From Field to Fork: Part 1
Dr. Lenore Newman
Part one: Food Sovereignty, Local Food, and a Healthy Region
What we eat can have a strong impact on our health, and though eating healthily requires education, personal choice, and a healthy economy, it also requires that consumers have access to the best foods being produced. In our region, we are lucky to have a wealth of fresh local options year round, including excellent produce, fresh meat and dairy, and superfoods such as berries. Food theorists call the ability to make choices about one’s food system, “food sovereignty”; having access to a range of products, and special niches such as organic or gluten-free products allows individuals to make the choice to eat healthily. Whether a person is following a complicated nutrition plan or simply taking grandma’s advice to eat more vegetables, local producers can be a key part of preventative health care through nutrition.
The sale of dried bulk berries, smoked salmon, bulk grain-fed meats, and dried seaweed can be available at the click of a button.
Here in the Lower Mainland, farmers’ markets are a popular way for consumers to have access to the best of the season, and can work well for smaller operations. For the busy farmer, larger farm stores can be a better option where people can stock up on healthy products in bulk. One element we do not really have yet in BC is functional food hubs. In the US food hubs, which can combine commercial kitchens, aggregation of small lots, and public market spaces, have emerged as a way for farmers to work with small processors to turn excess production into a value-added product. Here in the Lower Mainland several such projects are moving forward; hopefully a large scale food hub capable of bringing value to industrial producers will emerge in the Fraser Valley.
A healthy food system includes every step of the food chain, from raw product sales, to local processing into value added products, to support for a restaurant sector offering the finest foods of the region. Long distance travel is hard on nutrients, and requires heavier processing and chemical modification to keep food edible over thousands of kilometers. Farmers can increasingly tap lucrative markets on the internet while offering customers healthy food choices.
Examples as diverse as the sale of dried bulk berries, smoked salmon, bulk grain-fed meats, and dried seaweed can be available at the click of a button.
Though a strong local food system can be a critical factor in promoting health, it is only possible with a solid land base available for farming. In this respect, British Columbia’s Agricultural Land Reserve can be seen as a necessary part of the health system. The ALR has done an excellent job of ensuring that fresh and local farm goods are available; despite the pressures from a rapidly growing population, only a little over ten percent of Lower Mainland farmland has been lost over the last forty years. The stability of the farmland base has allowed farmers to invest in their operations and maintain an industrial farm base that could make British Columbia a nutraceutical powerhouse. Blueberries remain a wondrous source of anti-oxidants, and researchers at the University of the Fraser Valley are exploring new crops such as Haskap and Sea Buckthorn berries. But these innovations will only thrive with available, accessible farmland, and with a successful and supported farm workforce.
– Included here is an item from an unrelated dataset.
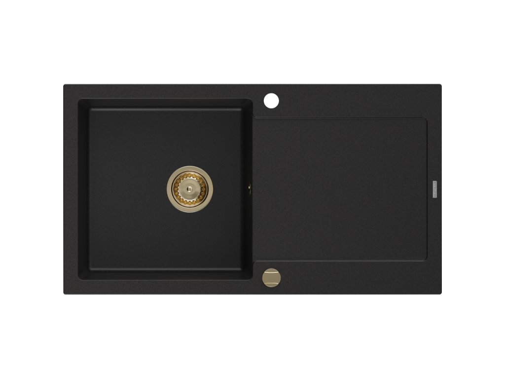 Granitový drez Mexen Leo s 1 misou a odkapávačom 900 x 500 mm, čierny, zlatý sifón - 6501901010-77-G
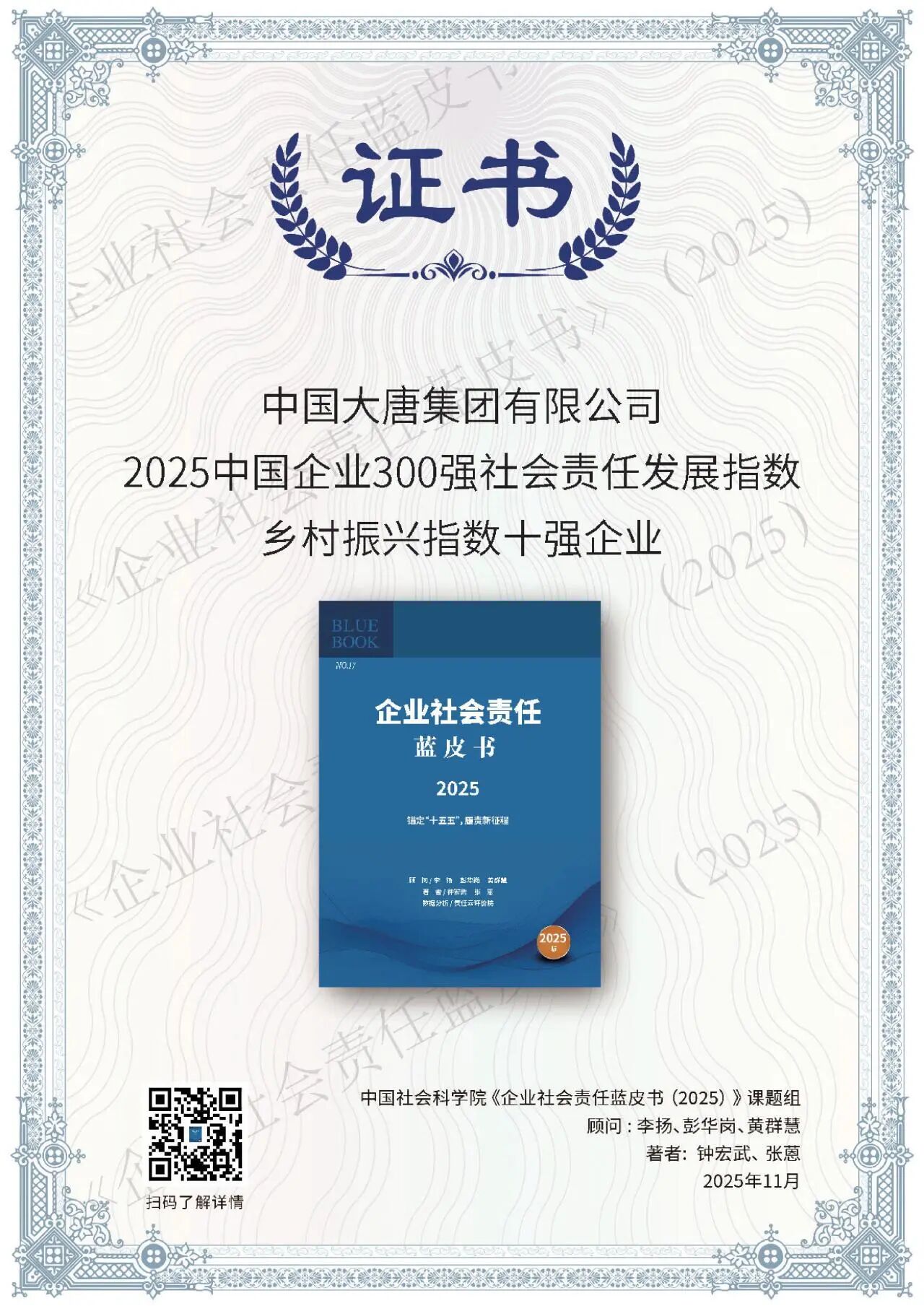 在本屆責任展上,中國大唐憑借在社會責任與ESG領域的全面深耕,獲得了多項認可。

Once the space is found to produce the food—be it a field a greenhouse, a barn, a bioreactor, or an aquaponics system—then feeding of the plants must be considered. There are arguments for and against fertilizer (out of the bag vs. compost or manure). The fact is plants can’t tell the difference. Plants take up nutrients in simple forms only—the most basic either source provides.
Plants can’t tell whether the CO2 is produced naturally or artificially. Compost and manure also introduces organic matter to replenish the soil, adding to the soil health and water and nutrient holding capacity.
Once the plants are growing, so are insects and diseases. Everyone knows a healthy plant is less likely to succumb to diseases and pests than a sick plant. So by using the appropriate varieties, crop rotation and keeping soil health up, we can help the plants and their root systems stay healthy. In particular, the coastal regions utilize raised beds and drainage pipes to help plant roots, starved for oxygen during the rainy season from September to June, escape drowning.
On the other hand, during the drier months from July until early September, fields usually need irrigation.
There are many options today for conventional growers (less for organic growers) to control diseases or pests. Some farmers use constant tilling as weed control. This leads to compaction of soil, as the macro pores in the soil are beaten out. Over winter, after a two day rainfall, you can see evidence of this by the forming of large lakes where before there were none. Herbicides cut down on excess tillage as well as cover large areas. A combination of physical and chemical controls may just do the trick; even organic farmers use chemicals like vinegar. Burning weeds defeats the goal of energy efficiency as it uses fuel energy to create the burn.
Food sovereignty starts with us making wise decisions about where and how our food is grown.
Healthy farmland enables food sovereignty, and will lead to healthier food and better social health overall.